From a vertical perspective, the net operating cash flow of the coal sector in the first three quarters of 2024 was 222.3 billion yuan, at a relatively high level in nearly ten years. Horizontally, the ratio of net operating cash flow to operating income for the coal sector in the first three quarters of 2024 was 21%, ranking fifth in the industry. In terms of dividends, the coal sector is gradually increasing its dividend ratio and scale, with the dividend ratio in 2023 higher than in 2022.

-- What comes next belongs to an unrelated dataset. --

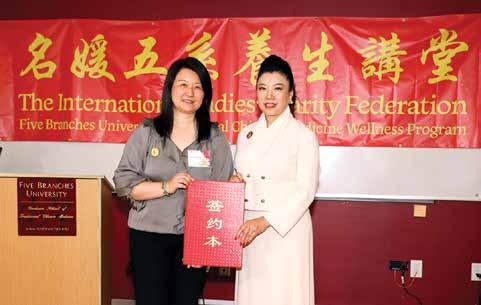 簽約儀式吸引多位重要嘉賓,包括北美 洲國際名媛慈善聯盟會會長 Joanna Jia 、加 州五系中醫藥大學副校長Gina Huang、美國 中華婦女聯合會會長何孔華女士、美洲中醫 協會會長馬雪女士等社區領袖及專業人士。
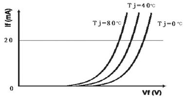LED的伏安特性和其它二極管一樣具有負(fù)溫度系數(shù)的特點,即在結(jié)溫升高時I/V曲線出現(xiàn)左移現(xiàn)象,如下圖所示。

Looking at the big picture, it is expected that in the coming years, the coal industry will continue to maintain a tight balance, with coal prices at medium to high levels, profitability remaining guaranteed, high-quality assets in the coal industry, ample cash flow on the books, and listed coal companies continuing to exhibit the "five highs" characteristics of "high profitability, high cash flow, high barriers to entry, high dividends, high safety margin". The coal sector has stable increment and outstanding stock, making it a valuable asset worth grasping, maintaining a "recommended" rating for the coal mining industry.
Key Focus Areas
(1) Stable high dividend targets: China Shenhua Energy(601088.SH), Shaanxi Coal Industry(601225.SH), China Coal Energy(601898.SH), etc.; (2) Downstream extension targets in the industry chain: Inner Mongolia Dian Tou Energy Corporation(002128.SZ), China Coal Xinji Energy(601918.SH), etc.; (3) Elastic targets for thermal coal: Yankuang Energy Group(600188.SH), Jinneng Holding Shanxi Coal Industry(601001.SH), Guanghui Energy(600256.SH), etc.; (4) Elastic targets for coking coal: Huaibei Mining Holdings(600985.SH), Pingdingshan Tianan Coal Mining(601666.SH), Shanxi Lu'an Environmental Energy Dev.Co.,Ltd(601699.SH), Shanxi Coking Coal Energy Group(000983.SZ), etc.
Risk Warnings
1) Risks of economic growth below expectations; 2) Risks of policy control measures exceeding expectations; 3) Risks of continuous substitution of renewable energy; 4) Risks of coal imports affecting; 5) Risks of company performance falling below expectations; 6) Errors in calculation, subject to actual conditions.